▶ _Directions_: Below are the records; reproduce all of them exactly but without any images.

▶ _Supplied information_:
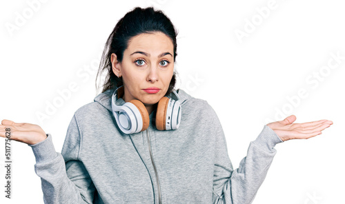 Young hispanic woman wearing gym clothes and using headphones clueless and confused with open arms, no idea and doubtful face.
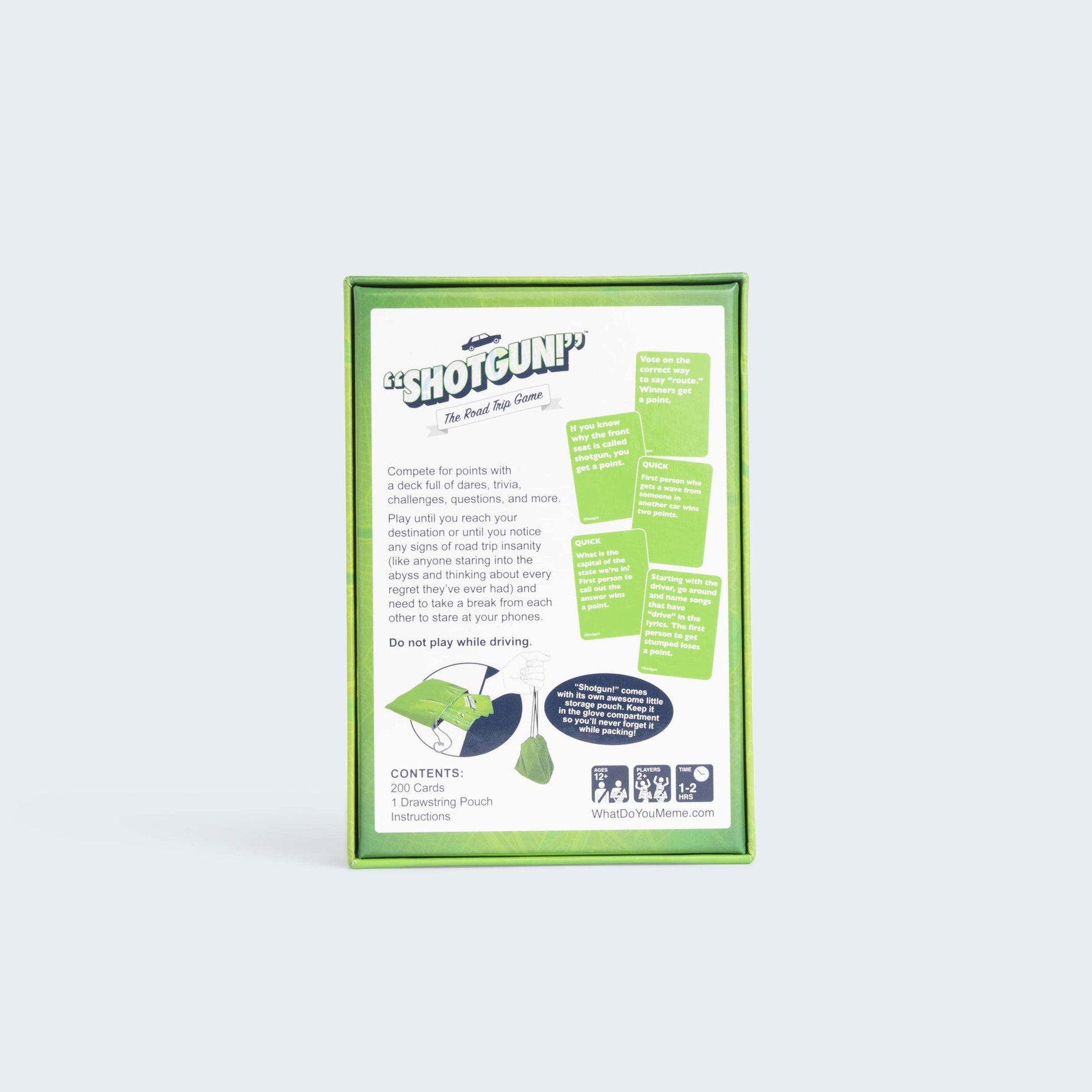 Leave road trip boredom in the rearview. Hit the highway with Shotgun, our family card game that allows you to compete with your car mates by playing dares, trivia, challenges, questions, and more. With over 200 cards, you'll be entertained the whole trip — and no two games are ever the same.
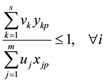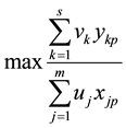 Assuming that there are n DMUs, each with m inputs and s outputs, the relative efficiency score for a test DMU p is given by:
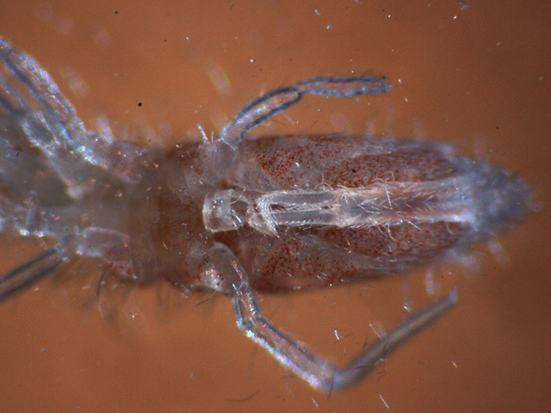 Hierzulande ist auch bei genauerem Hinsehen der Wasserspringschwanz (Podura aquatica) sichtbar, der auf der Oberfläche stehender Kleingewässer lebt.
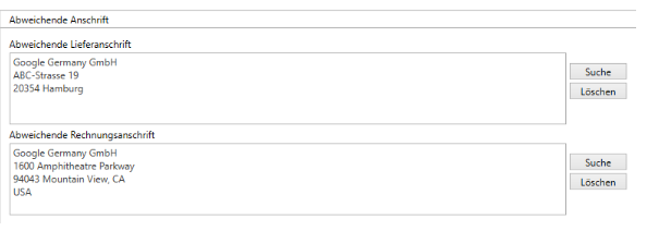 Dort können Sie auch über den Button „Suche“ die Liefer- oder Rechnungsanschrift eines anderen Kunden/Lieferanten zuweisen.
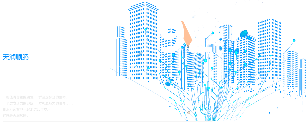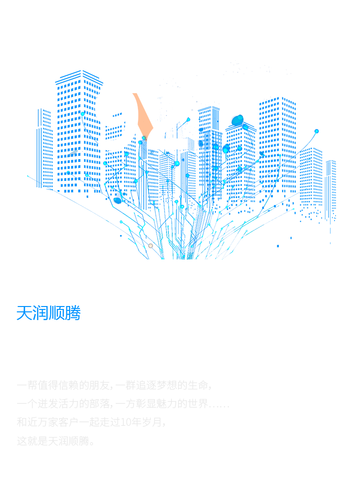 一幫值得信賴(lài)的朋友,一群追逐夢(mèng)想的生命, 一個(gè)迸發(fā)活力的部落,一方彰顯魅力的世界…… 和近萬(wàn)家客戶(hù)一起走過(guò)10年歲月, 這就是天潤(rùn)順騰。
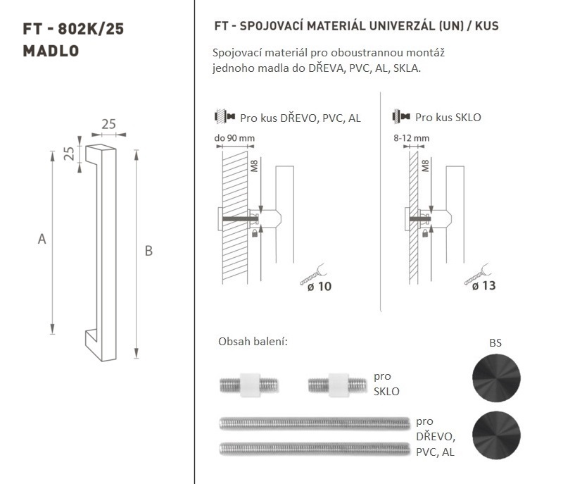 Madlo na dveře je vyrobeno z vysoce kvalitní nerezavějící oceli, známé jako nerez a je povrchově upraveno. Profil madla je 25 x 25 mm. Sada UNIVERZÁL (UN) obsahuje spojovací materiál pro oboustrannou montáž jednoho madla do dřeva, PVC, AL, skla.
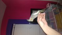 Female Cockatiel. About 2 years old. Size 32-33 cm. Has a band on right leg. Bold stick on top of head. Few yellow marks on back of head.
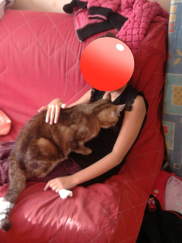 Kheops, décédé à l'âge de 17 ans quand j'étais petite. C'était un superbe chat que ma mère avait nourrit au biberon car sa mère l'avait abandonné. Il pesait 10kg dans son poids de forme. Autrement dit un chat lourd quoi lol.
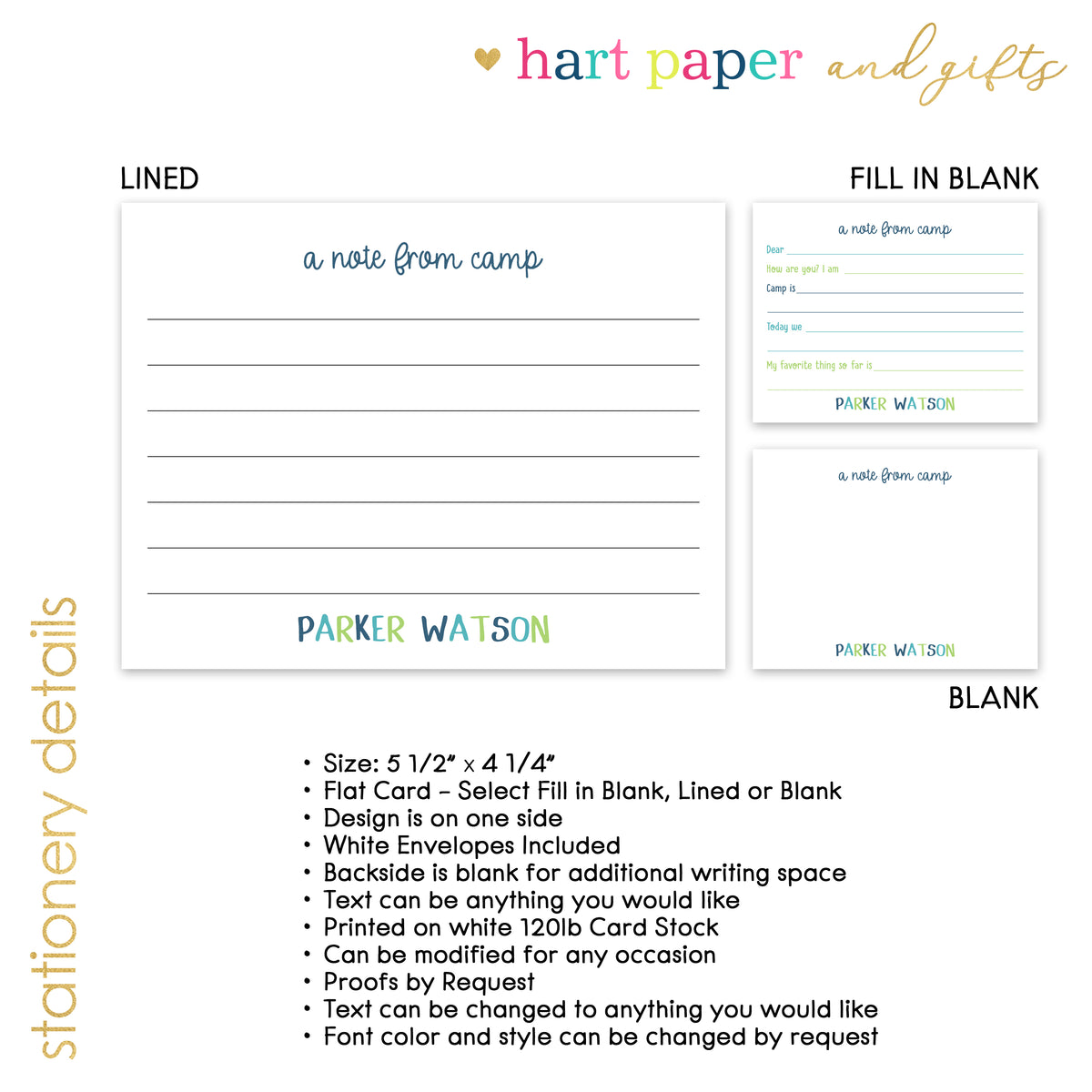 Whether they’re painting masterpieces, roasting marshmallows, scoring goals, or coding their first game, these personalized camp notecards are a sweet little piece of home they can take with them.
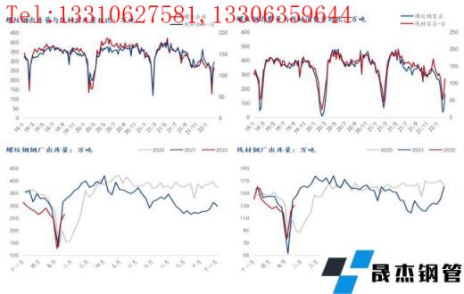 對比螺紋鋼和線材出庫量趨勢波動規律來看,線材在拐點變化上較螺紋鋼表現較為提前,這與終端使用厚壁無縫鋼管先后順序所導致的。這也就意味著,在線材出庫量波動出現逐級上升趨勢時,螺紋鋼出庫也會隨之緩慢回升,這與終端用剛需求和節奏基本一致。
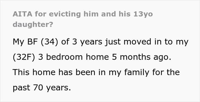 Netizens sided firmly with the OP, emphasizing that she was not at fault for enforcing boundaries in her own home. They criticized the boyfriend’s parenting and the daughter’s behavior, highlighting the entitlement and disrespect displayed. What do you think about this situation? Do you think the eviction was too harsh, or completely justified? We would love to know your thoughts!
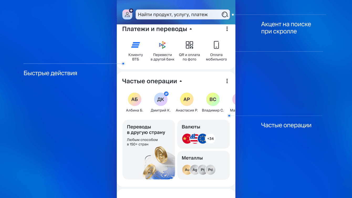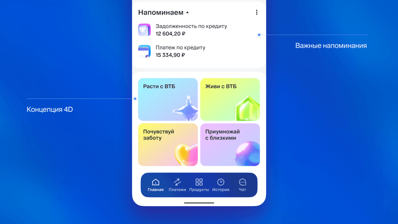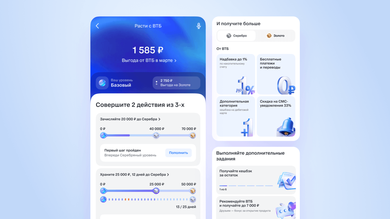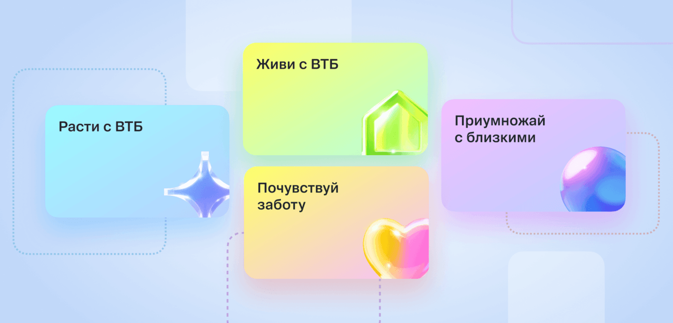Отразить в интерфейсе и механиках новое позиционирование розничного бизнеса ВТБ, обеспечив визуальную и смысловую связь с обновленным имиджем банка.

▶ _Written response_:
 Young hispanic woman wearing gym clothes and using headphones clueless and confused with open arms, no idea and doubtful face.
 Leave road trip boredom in the rearview. Hit the highway with Shotgun, our family card game that allows you to compete with your car mates by playing dares, trivia, challenges, questions, and more. With over 200 cards, you'll be entertained the whole trip — and no two games are ever the same.
 Assuming that there are n DMUs, each with m inputs and s outputs, the relative efficiency score for a test DMU p is given by:
 Hierzulande ist auch bei genauerem Hinsehen der Wasserspringschwanz (Podura aquatica) sichtbar, der auf der Oberfläche stehender Kleingewässer lebt.
 Dort können Sie auch über den Button „Suche“ die Liefer- oder Rechnungsanschrift eines anderen Kunden/Lieferanten zuweisen.
 一幫值得信賴(lài)的朋友,一群追逐夢(mèng)想的生命, 一個(gè)迸發(fā)活力的部落,一方彰顯魅力的世界…… 和近萬(wàn)家客戶(hù)一起走過(guò)10年歲月, 這就是天潤(rùn)順騰。
 Madlo na dveře je vyrobeno z vysoce kvalitní nerezavějící oceli, známé jako nerez a je povrchově upraveno. Profil madla je 25 x 25 mm. Sada UNIVERZÁL (UN) obsahuje spojovací materiál pro oboustrannou montáž jednoho madla do dřeva, PVC, AL, skla.
 Female Cockatiel. About 2 years old. Size 32-33 cm. Has a band on right leg. Bold stick on top of head. Few yellow marks on back of head.
 Kheops, décédé à l'âge de 17 ans quand j'étais petite. C'était un superbe chat que ma mère avait nourrit au biberon car sa mère l'avait abandonné. Il pesait 10kg dans son poids de forme. Autrement dit un chat lourd quoi lol.
 Whether they’re painting masterpieces, roasting marshmallows, scoring goals, or coding their first game, these personalized camp notecards are a sweet little piece of home they can take with them.
 對比螺紋鋼和線材出庫量趨勢波動規律來看,線材在拐點變化上較螺紋鋼表現較為提前,這與終端使用厚壁無縫鋼管先后順序所導致的。這也就意味著,在線材出庫量波動出現逐級上升趨勢時,螺紋鋼出庫也會隨之緩慢回升,這與終端用剛需求和節奏基本一致。
 Netizens sided firmly with the OP, emphasizing that she was not at fault for enforcing boundaries in her own home. They criticized the boyfriend’s parenting and the daughter’s behavior, highlighting the entitlement and disrespect displayed. What do you think about this situation? Do you think the eviction was too harsh, or completely justified? We would love to know your thoughts!
Отразить в интерфейсе и механиках новое позиционирование розничного бизнеса ВТБ, обеспечив визуальную и смысловую связь с обновленным имиджем банка.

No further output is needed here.